Pearson had used the word “erethismus” in his textbook on surgery, where he wrote that,
ERETHISMUS is characterized by a depression of strength. ... The presence of ERETHISMUS depends on the continued application of the REMOTE cause. ... ERETHISMUS is marked by a small, quick, and often unequal pulse. ... ERETHISMUS is a symptomatick affection, where the motions of the System do not appear to be directed to any determinate end. (136; pp. 25-6) |
The neurobehavioral manifestations of erythrism are now considered to include anxiety, excessive timidity, diffidence, increasing shyness, loss of self-confidence, and an explosive loss of temper when criticized (187).

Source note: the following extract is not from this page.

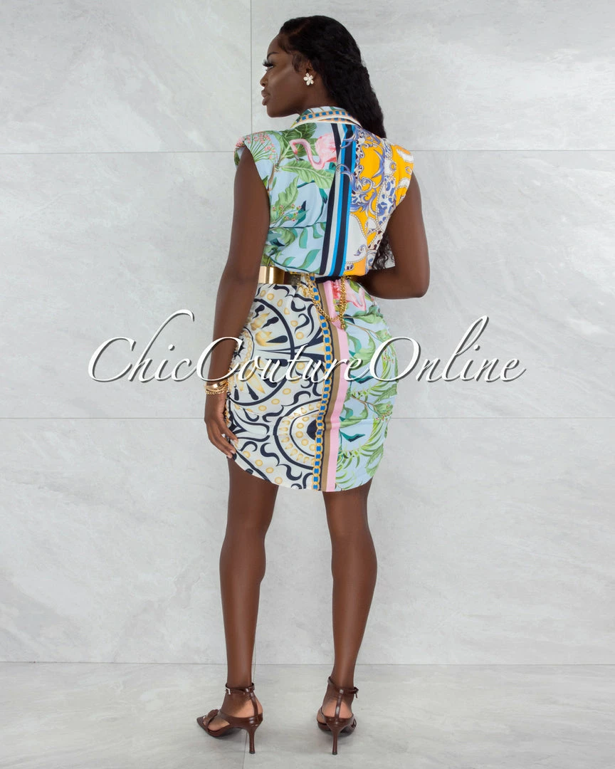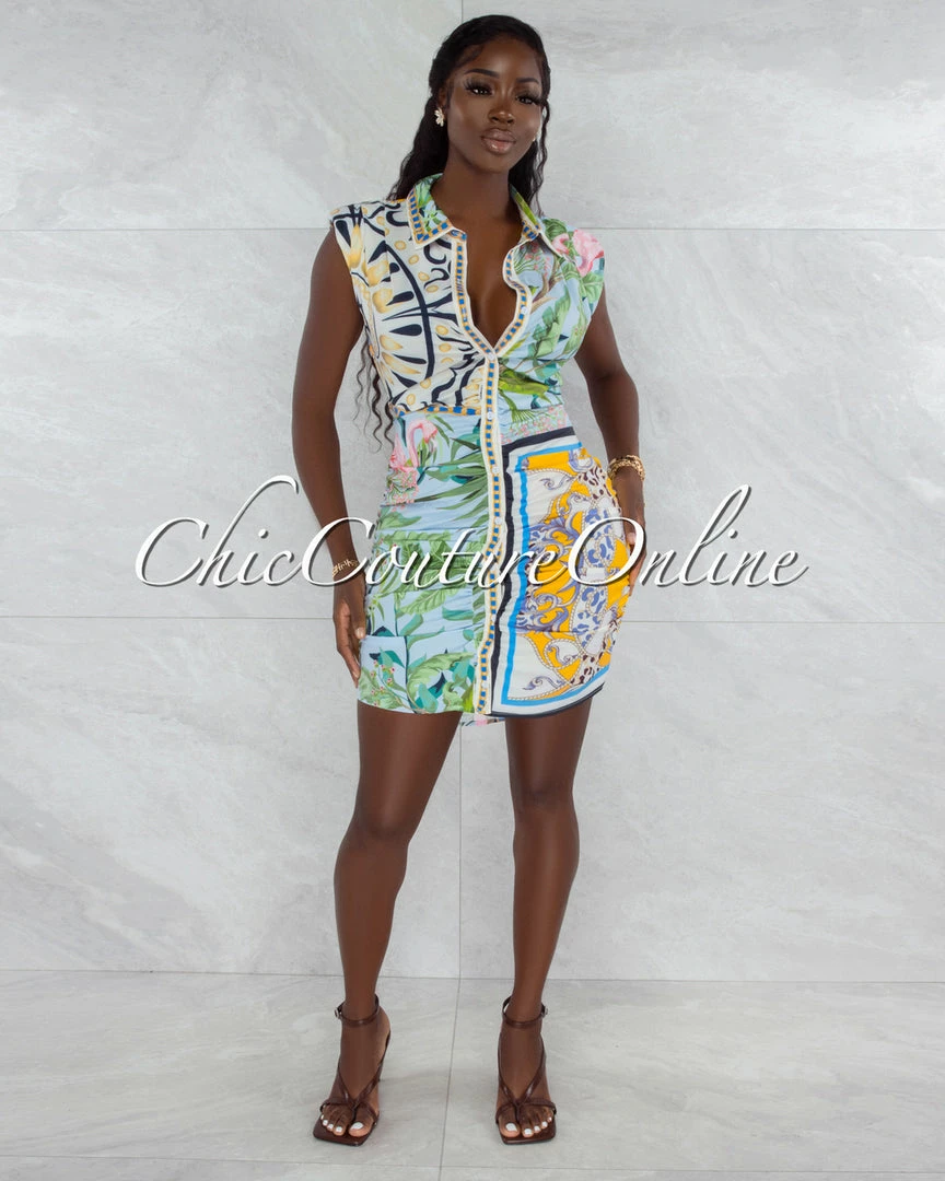 Easy, breezy and fluid define this effortless and slimming shirt dress. The beautiful print allow this design to be worn uptown, downtown or simply, all around town.

Alice Hamilton. American physician and research scientist Alice Hamilton (1869-1970) is best known as a pioneer in the field of industrial toxicology and leading authority in the field of occupational health (122; 51; 08; 55; 77; 123; 38; 66; 04; 128; 188; 36; 173; 178; 17; 30; 111). Hamilton received her medical training at the University of Michigan Medical School, became a professor of pathology at the Woman's Medical School of Northwestern University in 1897, and, in 1919, became the first woman appointed to the faculty of Harvard University. Hamilton, an authority on lead poisoning, opposed the introduction of leaded gasoline in the 1920s (83; 86; 148). In addition to reports on various toxins (85), Hamilton wrote a series of monographs on occupational medicine and industrial toxicology: “Hygiene of the printing trades” (1917), “Industrial poisons in the United States” (1925), and “Industrial toxicology (c1945) (84; 87; 86; 88).

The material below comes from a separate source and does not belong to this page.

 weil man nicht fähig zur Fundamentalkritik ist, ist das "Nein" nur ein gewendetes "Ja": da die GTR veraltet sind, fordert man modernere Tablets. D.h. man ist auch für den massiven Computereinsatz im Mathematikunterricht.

Division/Bureau of Labor Standards. The Bureau of Labor Standards was an agency of the U.S. Department of Labor from 1934 until 1971. The unit was formed as the Division of Labor Standards in November 1934 and was renamed the Bureau of Labor Standards in 1948. Formation of this agency led to competition with the Division of Industrial Hygiene of the U.S. Public Health Service because the Department of Labor actively advocated for labor unions' efforts to improve work conditions, whereas the Public Health Service championed the non-partisan provision of scientific data (149).

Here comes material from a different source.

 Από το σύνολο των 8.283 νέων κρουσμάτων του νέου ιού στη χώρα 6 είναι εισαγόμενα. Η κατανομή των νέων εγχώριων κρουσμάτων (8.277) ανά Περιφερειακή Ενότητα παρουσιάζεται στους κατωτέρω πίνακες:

• The Occupational Safety and Health Act of 1970 is a U.S. labor law governing occupational health and safety in the private sector and federal government in the United States. Its main goal is to ensure employers provide employees with a safe working environment free from recognized hazards, such as exposure to toxic chemicals, excessive noise levels, mechanical dangers, heat or cold stress, or unsanitary conditions. | |
• Under the Occupational Health and Safety Act, employers must identify and rectify safety and health problems. | |
• Employers must first attempt to eliminate or reduce hazards by making feasible changes in working conditions rather than relying solely on personal protective equipment. | |
• The American Conference of Governmental Industrial Hygienists determines and publishes threshold limit values annually. |
The United States Occupational Safety and Health Act of 1970. The Occupational Safety and Health Act of 1970 is a U.S. labor law governing occupational health and safety in the private sector and federal government in the United States. Its main goal is to ensure employers provide employees with a safe working environment free from recognized hazards, such as exposure to toxic chemicals, excessive noise levels, mechanical dangers, heat or cold stress, or unsanitary conditions. The Act created the Occupational Safety and Health Administration and the National Institute for Occupational Safety and Health in 1971, when the Occupational Health and Safety Act became effective. OSHA incorporated much of what had been the original Bureau of Labor Standards. The Occupational Safety and Health Act does not cover the self-employed, immediate family members of farm employers, or workplace hazards regulated by another federal agency.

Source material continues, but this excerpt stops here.